|Year : 2015 | Volume
| Issue : 3 | Page : 375-377
Extensive nephroureteric calcification presenting with renal failure: A rare case report
Siddangouda B Patil, Anup S Desai, Ashok N Biradar, Vinay S Kundargi
Department of Urology, BLDEU'S Shri B.M. Patil Medical College Hospital and Research Centre, Vijaypur, Karnataka, India
|Date of Submission||17-Jan-2015|
|Date of Acceptance||13-Mar-2015|
|Date of Web Publication||9-Jul-2015|
Anup S Desai
Department of Urology, Shri B.M. Patil Medical College Hospital and Research Centre, Vijaypur - 586 103, Karnataka
| Abstract|| |
The diagnosis of renal Tuberculosis (TB) can be hypothesized in the setting of non-specific bacterial cystitis associated with a therapeutic failure or a urinalysis with a persistent leukocyturia and absence of bacteriuria. Renal TB is an important cause of kidney disease, mainly in tropical areas of the globe, which can lead to end-stage renal disease if not diagnosed early and treated correctly. We report a case of a 58 year man with a past history of pulmonary TB treated for six months with extensive nephroureteric calcification presenting with renal failure.

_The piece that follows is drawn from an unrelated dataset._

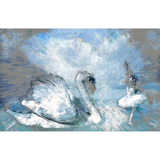 Swan Lake Black Modern Wood Framed Art Print with Double Matting by Di Scenza, Ron

Keywords: End-stage renal disease, nephroureteric calcification, renal tuberculosis
|How to cite this article:|
Patil SB, Desai AS, Biradar AN, Kundargi VS. Extensive nephroureteric calcification presenting with renal failure: A rare case report. Urol Ann 2015;7:375-7
|How to cite this URL:|
Patil SB, Desai AS, Biradar AN, Kundargi VS. Extensive nephroureteric calcification presenting with renal failure: A rare case report. Urol Ann [serial online] 2015 [cited 2020 Aug 6];7:375-7. Available from: http://www.urologyannals.com/text.asp?2015/7/3/375/157958
| Introduction|| |
Tuberculosis (TB) is a current public health problem, and the most common world-wide cause of mortality from infectious disease, with an estimated global incidence of 8-10 million/year. ,, The difficulty in diagnosing extra-pulmonary TB can be attributed to the poor access of disseminated lesions, the fact of patients being usually paucibacillary (very often causing a negative smear), histopathologic findings are not pathognomonic (granulomatous reaction can be found in other diseases) and there are lower rates of bacteriological positivity (only in a quarter of the cases).  The diagnosis of renal TB can be hypothesized in the setting of nonspecific bacterial cystitis associated with a therapeutic failure or a urinalysis with a persistent leukocyturia and absence of bacteriuria. ,,, We report a case of a 58-year-old man with a past history of pulmonary TB treated for 6 months with extensive nephroureteric calcification presenting with renal failure.
| Case report|| |
A 58-year-old man who presented with anuria was incidentally found to have calcified left kidney on ultrasound examination with right side mild hydrourteronephrosis. His current chest radiography [Figure 1], complete blood count was normal, serum creatinine was 6 mg/dl, and there was a history of pulmonary TB. A plain radiography [Figure 2] revealed a lobulated completely calcified left kidney with calcification of the left ureter. Noncontrast computed tomography (CT) [Figure 3] and [Figure 4] showed dense calcification replacing left kidney and confirmed left ureteral calcification with a small (4 mm) obstructing calculus in right mid ureter. Intra-operatively during ureterorenoscopy, a long segment right mid ureteric stricture with a small calculus proximal to the stricture was identified, guide wire was passed, and double-J stenting [Figure 5] was done. Three-dimensional reconstructed computed tomography scan image showing calcified left kidney and left upper ureter [Figure 6].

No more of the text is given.